The idea of the proscenium arch can be thought of as a social construct that divides the actors and their stage-world from the audience. In fact the seat that would be the perfect point from which to view the action, was often both the place where the person most powerful present would be seated and the spot opposite the controlling perspectival vanishing point. The curtain usually comes down just behind the proscenium arch, both hiding the stage from view when scenery is changed, but also reminding the audience of the reality that surrounds the illusion.
Because this type of stage fits the mathematical model of perspective, it also becomes very easy to use the various tricks of anamorphic perspective drawing to create further illusions. Palladio’s Teatro Olimpico in Vicenza exhibits an early use of anamorphic perspective, the illusion that the street is much longer than it really is, is created by a forced perspective. Forced perspective is a technique perhaps seen at its clearest in the Palazzo Spada, as created by Francesco Borromini. He designed a barrel-vaulted colonnade that looks much longer than it is by making the two sides of the colonnade converge and by reducing the height of the columns as they recede.

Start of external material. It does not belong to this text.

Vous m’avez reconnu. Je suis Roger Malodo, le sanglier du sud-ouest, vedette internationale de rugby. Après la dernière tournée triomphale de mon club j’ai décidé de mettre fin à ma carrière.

It is Watteau that brings the two traditions of visual art and theatre together again. I have posted about him recently because Watteau as a painter was someone who could deal with the visualisation of a society in a transitional state and I strongly believe that our society is also in a similar position. The people he depicts are set into liminal spaces and the space of the theatre is typical, as it sits between worlds. It is on the one hand 'real' as the actors and the stage are physically clearly in existence, but on the other hand it is an imaginary space, one that can be used to literally play out ideas. The relationships between people in Watteau's paintings and drawings are suggested by small gestures and body postures and you get the feeling that people's minds are suffused by a never ending series of unresolved actions and unfulfilled desires. They act out their lives but perhaps have forgotten their lines. You sense that the people in his paintings have lost direction, that they are unsure about the roles they should be playing and in compensation they turn to the Commedia Dell’Arte players who all know their roles and play them to perfection, day in, day out, to audiences across Europe.

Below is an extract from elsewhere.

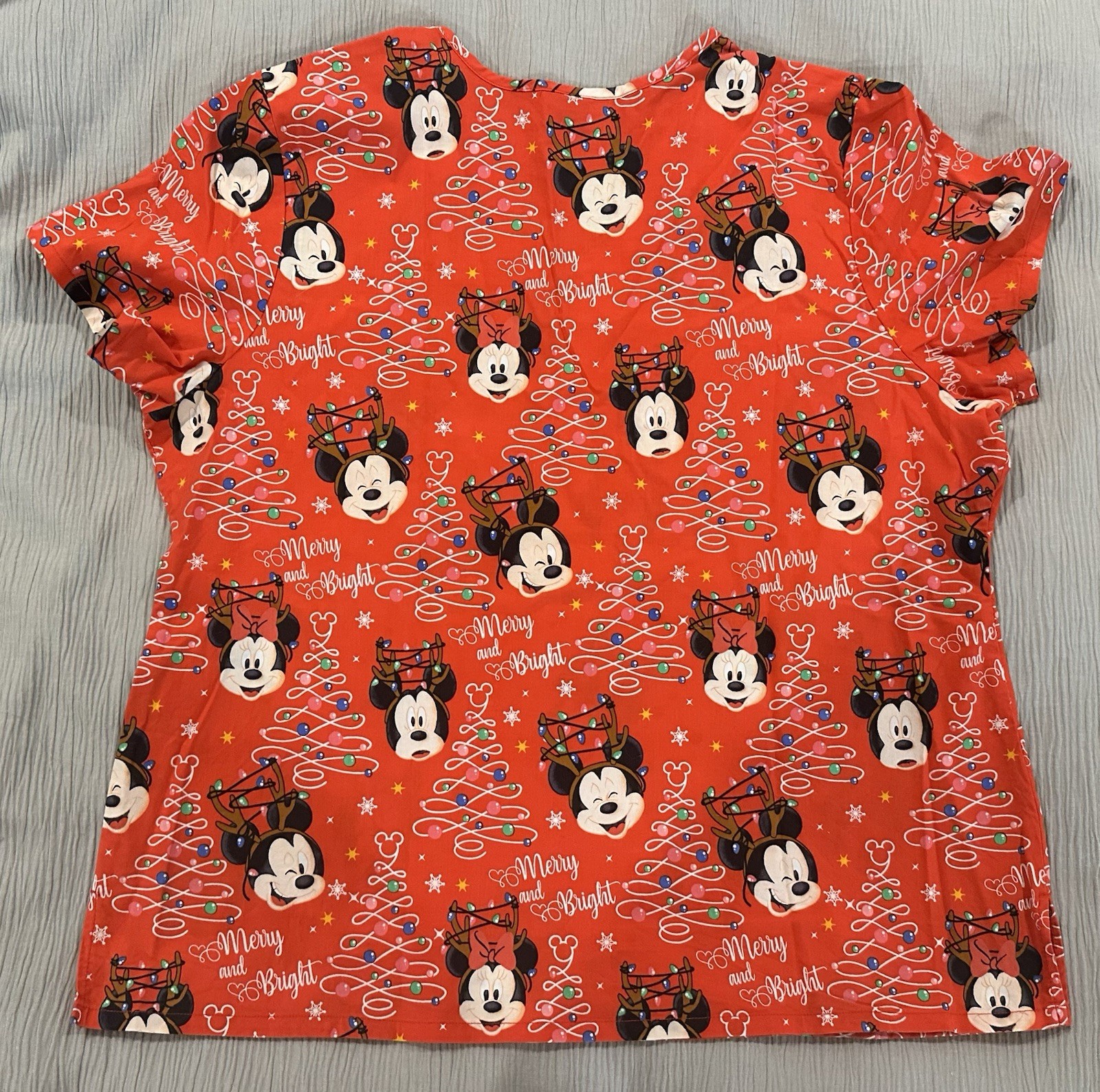 Disney Christmas Scrub Top Red Mickey Minnie Mouse XL Women s

Because of this understanding of theatre type perspectives being ones within which you can play out an idea, artists still use these one point perspective stage like spaces. Kiefer's large charcoal drawing on canvas, 'Deutschlands Geisteshelden' positions the viewer as if they are looking through a proscenium arch at a stage. Burning torches line the walls of a space that is empty except for the names of the actors scrawled above the fast receding, single point perspective floor. These actors (or actants) are German cultural heroes; Joseph Beuys, Arnold Böcklin, Adalbert Stifter, Caspar David Friedrich, Theodor Storm, and others. These are the actors of a painful history play and Kiefer sets out his image as a stage, so that he can make them perform as ghosts of their former selves. All are dead, Joseph Beuys, his mentor dying in 1986, just before Kiefer began drawing out the image. Kiefer I'm sure was well aware of the relationship between images made using one point perspective and the theatre, he is a well read artist and he cites many literary figures as past influences on German culture. The image as a stage whereby ideas are acted out continues to be a powerful idea and as more performative ways of working have emerged out of traditional drawing practices, I would suggest that the fusion of drawing and theatre is something that will become more and more the norm.